Enrichr object containing the results of the enrichment analysis.

Return type

Enrichr object

sofa.utils.utils.get_guide_error(model)

Calculate the root mean squared error for continuous, binary crossentropy for binary or categorical cross entropy for categorical Y of the model.

Parameters

model (SOFA) – The trained SOFA model.

Returns

Containing the root mean squared error for continuous, binary crossentropy for binary or categorical cross entropy for categorical Y of the model.

Return type

dict

sofa.utils.utils.get_loadings(model: sofa.models.SOFA.SOFA, view: str) pandas.core.frame.DataFrame

Get the loadings of the model for a specific view.

Parameters
  • model (SOFA) – The trained SOFA model.
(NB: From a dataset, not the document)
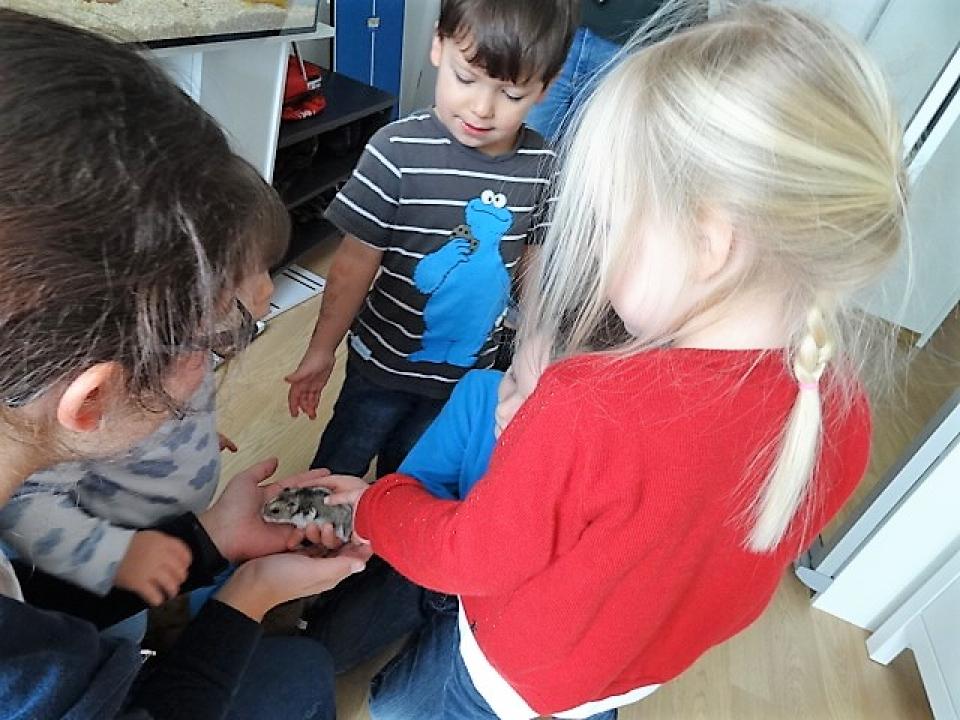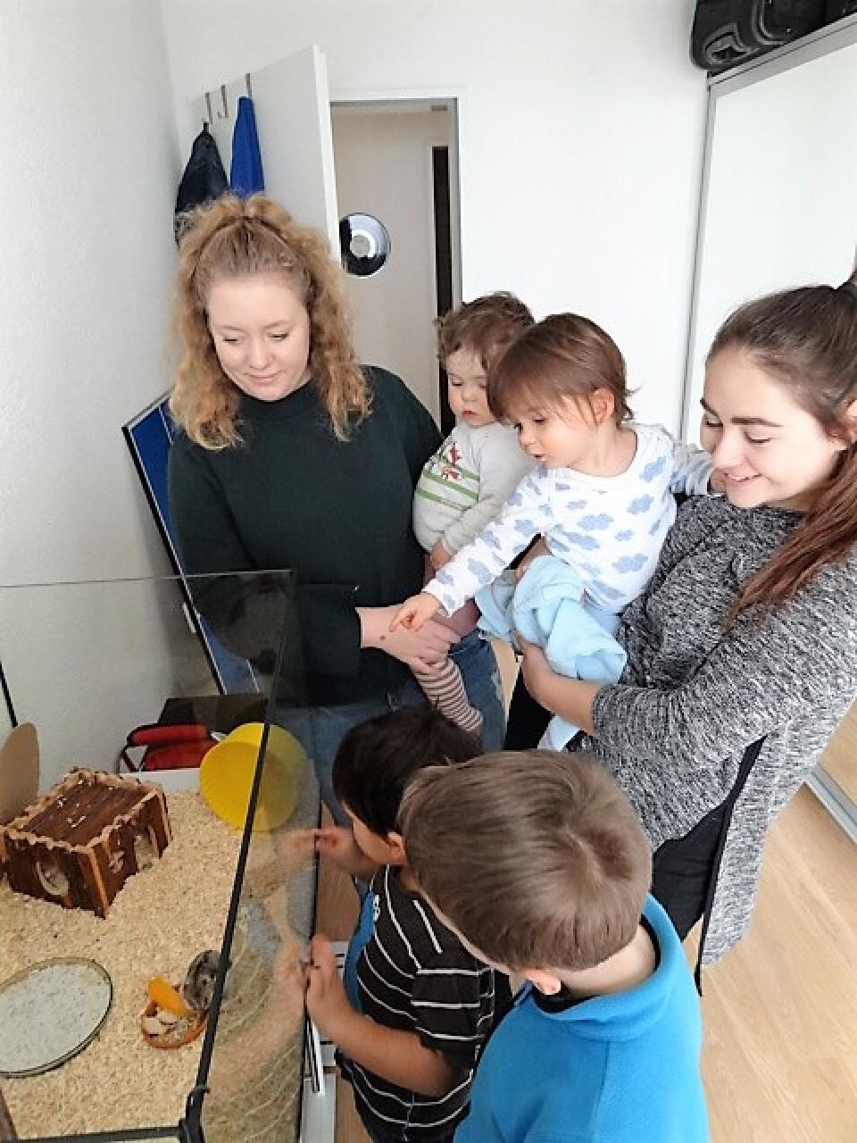 Kaum in der Wohnung angekommen, verstreuten sich die Kinder in den Räumen. Anschliessend machte Fabienne mit uns eine Wohnungstour. Eines der spektakulärsten Dinge war der kleine Hamster „Rino „, den die Kinder auf der Hand halten durften und gestreichelt haben.

  • view (str) – Name of the view to get the loadings for.

Returns

DataFrame containing the loadings of the model for the specified view.

Return type

pd.DataFrame

sofa.utils.utils.get_rmse(model)

Calculate the root mean squared error of the model.

Parameters

model (SOFA) – THe trained SOFA model.

Returns

The root mean squared error of X of the model for each view.

Return type

dict

sofa.utils.utils.get_top_loadings(model, view, factor, sign='+', top_n=100)

Get the top_n loadings of the model for a specific view.

Parameters
  • model (SOFA) – The trained SOFA model.

  • view (str) – Name of the view to get the loadings for.

  • factor (int) – Index of the factor to get the top loadings for. Should be between 1 and the total number of factors.

  • sign (str) – Sign of the loadings to get. Default is “+”.

  • top_n (int) – Number of top loadings to get. Default is 100.

Returns

DataFrame containing the top_n loadings of the model for the specified view.

Return type

pandas.DataFrame

sofa.utils.utils.get_var_explained_per_view_factor(model: sofa.models.SOFA.SOFA)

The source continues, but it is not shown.